A tribute to Peter Karmel

The Academy mourns the recent death of Peter Karmel, our former president, a champion of the social sciences and an educationalist of remarkable insight and consequence. There have been few Australian economists who have exercised such a sustained influence on public policy, going back to his membership of the Vernon Committee of Economic Enquiry in the early 1960s. Appointed professor of economics at Adelaide while still in his twenties, he quickly displayed a capacity for leadership. As Principal Designate and later Vice-Chancellor of Flinders University, he initiated a bold experiment in teaching and research, and his subsequent leadership of the Australian National University from 1982 to 1987 provided strong and prescient direction of its activities.
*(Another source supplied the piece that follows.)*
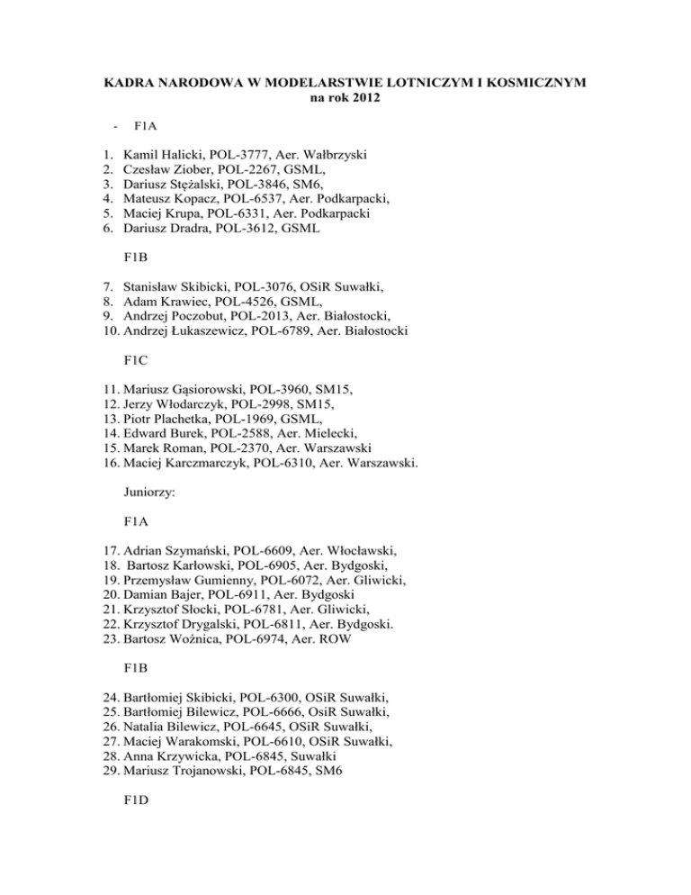 KADRA NARODOWA W MODELARSTWIE LOTNICZYM I KOSMICZNYM na rok 2012 - 1. 2. 3. 4. 5. 6. F1A Kamil Halicki, POL-3777, Aer. Wałbrzyski Czesław Ziober, POL-2267, GSML, Dariusz Stężalski, POL-3846, SM6, Mateusz Kopacz, POL-6537, Aer. Podkarpacki, Maciej Krupa, POL-6331, Aer. Podkarpacki Dariusz Dradra, POL-3612, GSML F1B 7. Stanisław Skibicki, POL-3076, OSiR Suwałki, 8. Adam Krawiec, POL-4526, GSML, 9. Andrzej Poczobut, POL-2013, Aer. Białostocki, 10. Andrzej Łukaszewicz, POL-6789, Aer. Białostocki F1C 11. Mariusz Gąsiorowski, POL-3960, SM15, 12. Jerzy Włodarczyk, POL-2998, SM15, 13. Piotr Plachetka, POL-1969, GSML, 14. Edward Burek, POL-2588, Aer. Mielecki, 15. Marek Roman, POL-2370, Aer. Warszawski 16. Maciej Karczmarczyk, POL-6310, Aer. Warszawski. Juniorzy: F1A 17. Adrian Szymański, POL-6609, Aer. Włocławski, 18. Bartosz Karłowski, POL-6905, Aer. Bydgoski, 19. Przemysław Gumienny, POL-6072, Aer. Gliwicki, 20. Damian Bajer, POL-6911, Aer. Bydgoski 21. Krzysztof Słocki, POL-6781, Aer. Gliwicki, 22. Krzysztof Drygalski, POL-6811, Aer. Bydgoski. 23. Bartosz Woźnica, POL-6974, Aer. ROW F1B 24. Bartłomiej Skibicki, POL-6300, OSiR Suwałki, 25. Bartłomiej Bilewicz, POL-6666, OsiR Suwałki, 26. Natalia Bilewicz, POL-6645, OSiR Suwałki, 27. Maciej Warakomski, POL-6610, OSiR Suwałki, 28. Anna Krzywicka, POL-6845, Suwałki 29. Mariusz Trojanowski, POL-6845, SM6 F1D 30. Jerzy Markiewicz 31. Tomasz Momot 32. Edward Ciapała 33. Jan Dihm 34. Szymon Góralczyk 35. Tomasz Demidowicz F1E seniorzy 36. Stanisław Kubit 37. Franciszek Kańczok 38. Wiesław Dziuba 39. Eugeniusz Słomka Juniorzy 40. Konrad Żurowski 41. Mikołaj Stryja 42. Szymon Morcinek 43. Bartosz Załęcki F2A -seniorzy 44. Paweł Praus, POL-3704, Aer. Śląski 45. Robert Holeczek, POL-6559, Aer. Śląski 46. Artur Miś, POL-6639, SM 2 Wierzawice 47. Piotr Zipzer, POL-6930, Aer. Śląski F2A – Juniorzy 48. Tomasz Sobala, POL-6652, SM 2 Wierzawice 49. Szymon Baran, POL-6736, Aer. Śląski, F2B- seniorzy 50. Krystian Borzęcki, POL-4163, SM 2 Wierzawice 51. Sylwester Kubik, POL-2503, Aer. Warszawski 52. Karol Janik, POL-5894, Aer. Radomski 53. Janusz Węcławiak, POL-1855, Aer. Poznański F2B – junor 54. Jarosław Mięsiak, POL-6373, Aer. Orląt Dęlin, F2C-seniorzy 55. Mariusz Fedan, POL-6655, SM 2 Wierzawice 56. Piotr Sobala, POL-4615, SM 2 Wierzawice 57. Mariusz Brożek, POL-6662, Aer. Częstochowski 58. Ryszard Włodarczyk, POL-547, Aer. Częstochowski 59. Jacek Gołębiowski, POL-6660, Aer. Warszawski 60. Michał Majewski, POL-6659, Aer. Warszawski 61. Krzysztof Piotrowski, POL-6025, Aer. Warszawski 62. Michał Dzikowski, POL-5026, Aer. Warszawski 63. Rafał Brzeziński, POL-4766, Aer. Warszawski 64. Krzysztof Smaga, POL-4767, Aer. Warszawski F2D - seniorzy 65. Marcin Leszczak, POL-4895, SM2 Wierzawice 66. Dariusz Kaczmarek, POL-6280, SM2 Wierzawice F3A 67. Jacek Szczepaniak 68. Adam Dębowski F3B 69. Arkadiusz Morawski 70. Bartłomiej Panikowski 71. Michał Paździor 72. Michał Skarwecki F3J 73. Wojciech Byrski 74. Tomasz Frąk F3J- juniorzy 75. Konrad Partyka F3F 76. Jakub Bury 77. Andrzej Kłusek 78. Bogusław Gryszko 79. Bartłomiej Siudek 80. Jakub Świst 81. Jacek Sierpowicz 82. Ryszard Miśkiewicz F3F- juniorzy 83. Adam Bury 84. Damian Wyrzykowski F3K 85. Adam Siama 86. Jarosław Grzesica 87. Krzysztof Hilbrycht 88. Leszek Małmyga F4C 89. Makowski Robert 90. Wetoszka Adam F5B 91. Grzegorz Porębsk 92. Michał Salamon 93. Jan Ochman Modele kosmiczne S. Klasy S1,3,4,6,9 Małmyga Leszek 94. Łasocha Sławomir 95. Przybytek Krzysztof 96. Szulc Sebastian 97. Arasimowicz Marek 98. Jaros Jakub 99. Fiałkowski Jakub - MŚ J Klasy S5,7 100. 101. 102. 103. 104. Bielecki Marcin Krzywiński Wojciech Bobrowski Wojciech Bujak Marek Goryczka Grzegorz Klasa S8E/P 105. Janisiewicz Paweł 106. Wowry Edward 107. Jaszkim Eryk Przybytek Krzysztof 108. Szwed Artur Bobrowski Wojciech Juniorzy Klasy S1,3,4,6,9 109. Byrtek Szymon 110. 111. 112. 113. Dyba Mateusz Wierzbicki Konrad Sadowski Patryk Biernacki Antoni Klasy S5,7 114. 115. 116. 117. Sułkowski Piotr Kormański Mateusz Przedwolski Hubert Bobrowski Michał Klasa S8D Byrtek Szymon 118. Podołowski Maciej Wierzbicki Konrad Dyba Mateusz 119. Grzywna Tomasz

Between those two periods as a vice-chancellor Peter Karmel recast national education. In 1973 he devised the needs-based system of Commonwealth funding for schools, fulfilling the Whitlam government's promise that all young Australians should have the opportunity to fulfil their promise. And from 1971 he chaired the Australian Universities Commission, established following the Martin Committee's review of tertiary education in the 1960s on which he also served. In this role he guided the rapid expansion of Commonwealth support for universities, which lasted until 1975 - when the government froze expenditure and suspended the triennial arrangements that enabled universities to plan with confidence. Thereafter the universities were at a standstill. Despite his best endeavours, funding remained constant in real terms up to and beyond 1982, when he departed from the Tertiary Education Commission.

The reports of the Commission during this period provided an acute analysis of the problems. With no capacity to make new appointments and provision for building works cut to the bone, universities were unable to move into new fields or even respond to changes in demand between existing ones. Piecemeal replacement of retiring staff prevented any infusion of new blood, and salary costs rose with the age profile of the incumbents. Larger class sizes affected the quality of teaching and heavier workloads sapped morale. The universities were faced with difficult choices that strained their collegial methods of decision-making, especially as the government required the Commission to operate with guidelines that hampered its effectiveness.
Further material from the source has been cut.